WHAT THE EXERCISE ASKS | Go through the following data and transcribe exactly the stretch of lines from the one holding "Apple Watch SE" to the one holding "This bingo card", both included.

DATA FOR ANALYSIS |
++++++++
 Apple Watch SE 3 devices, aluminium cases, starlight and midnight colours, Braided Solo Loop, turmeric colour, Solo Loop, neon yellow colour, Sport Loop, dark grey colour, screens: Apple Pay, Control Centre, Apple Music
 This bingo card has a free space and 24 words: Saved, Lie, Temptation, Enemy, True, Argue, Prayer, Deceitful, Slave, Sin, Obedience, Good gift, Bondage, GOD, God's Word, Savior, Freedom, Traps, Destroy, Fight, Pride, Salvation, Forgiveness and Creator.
++++++++
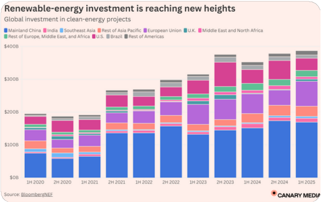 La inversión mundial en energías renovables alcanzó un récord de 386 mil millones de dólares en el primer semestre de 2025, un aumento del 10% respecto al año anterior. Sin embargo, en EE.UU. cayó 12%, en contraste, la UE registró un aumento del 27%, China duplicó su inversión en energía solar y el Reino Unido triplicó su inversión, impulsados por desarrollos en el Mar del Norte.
++++++++
OUTPUT FOR THIS EXERCISE |
 Apple Watch SE 3 devices, aluminium cases, starlight and midnight colours, Braided Solo Loop, turmeric colour, Solo Loop, neon yellow colour, Sport Loop, dark grey colour, screens: Apple Pay, Control Centre, Apple Music
 This bingo card has a free space and 24 words: Saved, Lie, Temptation, Enemy, True, Argue, Prayer, Deceitful, Slave, Sin, Obedience, Good gift, Bondage, GOD, God's Word, Savior, Freedom, Traps, Destroy, Fight, Pride, Salvation, Forgiveness and Creator.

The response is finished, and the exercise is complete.